I suggest that you read the whole Reactive Manifesto online (http://www.reactivemanifesto.org) and try to evaluate how those characteristics can be applied to your application and the concepts you’re learning in this book.


Sign in for more free preview time

12.5. The path to microservices

Microservices have no official definition, but the general consensus is that they follow an architectural style where applications are decomposed into small, independently deployable services, with several common characteristics:

  • Each service should be built around a business domain and not a technical one; this ensures, among other things, that the boundary around services will last if technologies evolve or are changed.
  • Services should be loosely coupled, so that changes within one service shouldn’t affect others.
  • A service should work within a “bounded context” as part of the entire business domain to simplify modeling of communications among services.

Note

Introducing and using the concept of a “bounded context” is part of domain-driven design and goes beyond the scope of this book. I suggest you start with Martin Fowler’s description and suggested readings, which can be found at http://martinfowler.com/bliki/BoundedContext.html.


DevOps and microservices

I find it interesting that the core characteristic for microservices of being independently deployable is an operational requirement. This is clear feedback provided by operations to development, thanks to the adoption of a DevOps culture within companies that pioneered microservice architectures.

Similar to microservices, DevOps has no official definition, but generally speaking, the goal of DevOps is to foster communication and collaboration between development, operations, and other IT-related roles within a company.

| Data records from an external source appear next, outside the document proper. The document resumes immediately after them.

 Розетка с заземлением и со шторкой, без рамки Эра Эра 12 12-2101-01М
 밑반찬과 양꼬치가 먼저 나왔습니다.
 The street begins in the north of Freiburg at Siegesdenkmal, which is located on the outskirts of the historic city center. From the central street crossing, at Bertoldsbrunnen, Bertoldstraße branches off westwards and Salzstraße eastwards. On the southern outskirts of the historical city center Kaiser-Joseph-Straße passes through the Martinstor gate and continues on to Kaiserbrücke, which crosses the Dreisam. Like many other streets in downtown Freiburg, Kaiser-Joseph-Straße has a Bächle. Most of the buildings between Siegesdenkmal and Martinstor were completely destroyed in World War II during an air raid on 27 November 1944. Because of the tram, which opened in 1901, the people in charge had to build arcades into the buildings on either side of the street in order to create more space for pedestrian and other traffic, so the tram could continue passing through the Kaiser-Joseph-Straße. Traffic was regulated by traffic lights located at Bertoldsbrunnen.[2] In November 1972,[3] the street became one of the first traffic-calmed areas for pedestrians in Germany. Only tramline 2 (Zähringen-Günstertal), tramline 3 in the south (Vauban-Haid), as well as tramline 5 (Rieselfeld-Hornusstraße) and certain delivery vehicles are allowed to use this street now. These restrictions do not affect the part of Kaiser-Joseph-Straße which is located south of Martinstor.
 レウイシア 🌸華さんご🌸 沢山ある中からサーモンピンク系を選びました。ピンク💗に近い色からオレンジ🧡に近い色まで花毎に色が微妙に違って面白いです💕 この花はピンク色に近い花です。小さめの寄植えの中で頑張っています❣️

How small is “small” for microservices? No specific metric exists, but a good starting point is that you can build or rebuild a service in less than two weeks. In general, I’d say that it should be small enough that you can easily manage to completely rewrite a microservice within your deployment schedule.

You have important consequences of this capacity of rebuilding a service: if a new requirement arises, and it’s too hard to add to the current implementation of a service, you can create a new service that will implement the new requirement and all the old ones. In creating this new service, you can decide to use a different technology; for example, migrating from Java to Scala or from Ruby to Python.


Tip

Other than helping developers to always use the best technology for a specific purpose, the possibility to use a new or different technology stack also improves morale and hiring, because developers know that they have the freedom to choose a new programming environment if that makes sense and they won’t be forced to work on the same old stack for the rest of their (working) lives.

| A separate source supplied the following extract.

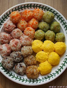 오늘은 집에 있는 재료 중심으로 오색 주먹밥 만들기를... 다인이도 함께 했어요... 주먹밥 레시피는 아래에서 설명하고... 우선 완성사진부터... 5색이 아니라 6색 주먹밥이 되었군요... 준비물은 간단합니다. 시계순으로 볶은 멸치, 완두콩, 당근, 햄, 버섯, 계란노른자... 등 남는 재료... 김도 좋고, 맛살도 좋고, 불고기도 좋고... 그리고 흰밥을 만들 쌀... 식초, 설탕, 소금... 우선 사용할 밥에는 약간 양념을... 식초에 설탕과 소금을 약간 넣고 끊인물과 참기름을 넣어서 초밥을 만듭니다. 1. 계란 주먹밥 삶은 계란 노른자를 고운채에 거르세요... 그리고 노른자 위에 밥을 굴리면 됩니다. 계란 노른자 주먹밥의 경우에는 손으로 쥐면 계란의 질감이 떨어집니다. 색상도 칙칙해 지고... 2..

A possible downside of this freedom is that developers may be tempted to follow trends and choose technologies only because they’re “cool.” A service can have a long life span, and using a stable technology helps. If the technology used for a service loses traction and support, you can still rebuild the service using another technology in less than two weeks (according to our definition of microservices), but if you’ve used that technology in more than one service, you’ll have to spend more time rebuilding multiple services, which doesn’t add value for the end users of your application.


Note

For a broader description of what microservices are and how to use them for your particular use case, I suggest you start with Martin Fowler’s resource guide at http://martinfowler.com/microservices/.


If you recall how to design an event-driven application, and how AWS Lambda works by decomposing your application into small functions that can interact only via events, you’ll see that the approach described in this book puts you on the right path to implement microservices—but you still have great responsibility in the implementation.

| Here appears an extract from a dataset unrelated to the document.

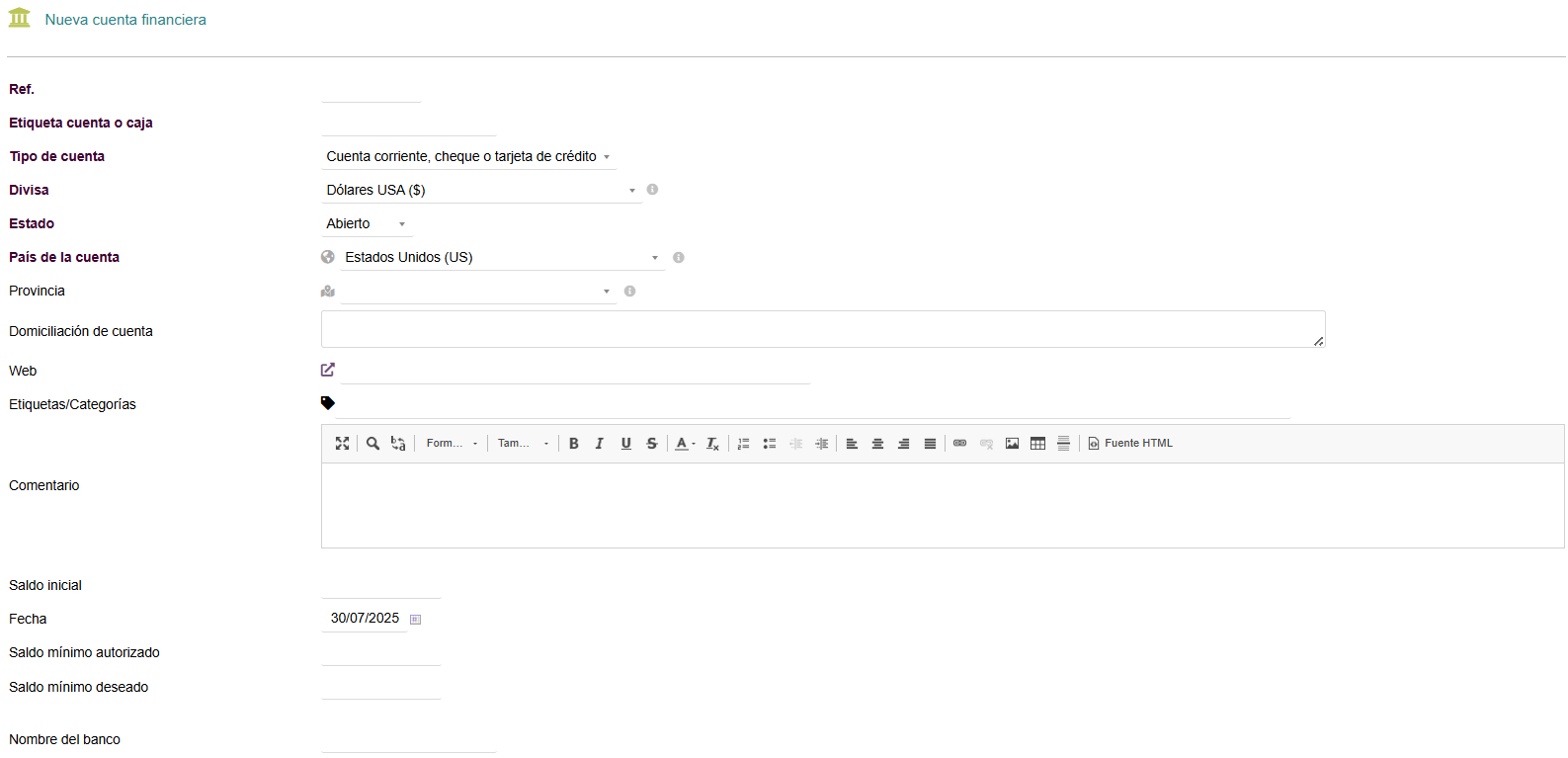 - Nueva Cuenta bancaria: En esta pantalla introduciremos los datos de la cuenta que vamos a crear. Luego de introducir los datos, se crea la ficha de la cuenta bancaria creada.

AWS Lambda provides a framework to build small, mostly asynchronous services with a clean interface and covers some of the main complexities of managing microservice architectures in production, such as

  • Centralized logging, via Amazon CloudWatch Logs
  • Service discovery, via the AWS Lambda API

It’s your responsibility to use those features to your advantage while you build the overall application. For example:

  • To simplify debugging microservices, centralized logging needs a traceable “identification” that follows a single request among all the interacting services. That isn’t part of what AWS Lambda and Amazon CloudWatch Logs provide, and you need to think about that.
  • To automate service discovery, you should use a standard syntax in the function descriptions that you get via the AWS Lambda API.

Another main point that I think is relevant in understanding how AWS Lambda supports a microservice architecture—and one that has been a source of endless discussion in distributed architectures—is whether it’s better to favor choreography or orchestration of services.

To better clarify that, let’s continue the parallel with the artistic scenario that the two terms involve, using definitions from the Merriam-Webster English dictionary.


Definitions from the Merriam-Webster dictionary

Choreography: The art or job of deciding how dancers will move in a performance; also, the movements that are done by dancers in a performance.

Orchestration: The arrangement of a musical composition for performance by an orchestra.


Let’s try to adapt those definitions to IT architectures. With orchestration, you have an automated execution of a workflow, and an orchestration engine to execute that workflow and manage all interactions. With choreography, you describe the coordinated interactions between a small subset (usually two) of the elements that are interacting.

If you’re familiar with the enterprise deployment of a service-oriented architecture (SOA), it’s easy to see the similarity between the orchestration engine and the extended role that’s given to the enterprise message bus, for example in routing, filtering, or translating messages depending on a centralized logic. With microservices, messaging platforms shouldn’t have an active role and the logic should be kept within the services’ boundary.

With an event-driven architecture you’re describing the choreography among services, without a centralized workflow that needs to be aware of all aspects of the interactions and that scales in complexity as the number of services (and interactions) increases. As each service probably has more than one interaction with other services, the growth in complexity of a centralized workflow is far more than linear and is difficult to manage in a large-scale deployment.

Tour livebook

Take our tour and find out more about liveBook's features:

  • Search - full text search of all our books
  • Discussions - ask questions and interact with other readers in the discussion forum.
  • Highlight, annotate, or bookmark.
take the tour

12.6. Scalability of the platform

Scalability is one of the core aspects of IT architectures. Let’s start with a definition of scalability in the context of IT systems.


Definition

Scalability is the capability of a system, network, or process to handle a growing amount of work, or its potential to be enlarged to accommodate that growth. From “Characteristics of Scalability and Their Impact on Performance,” by André Benjamin Bondi (2000), http://dl.acm.org/citation.cfm?doid=350391.350432.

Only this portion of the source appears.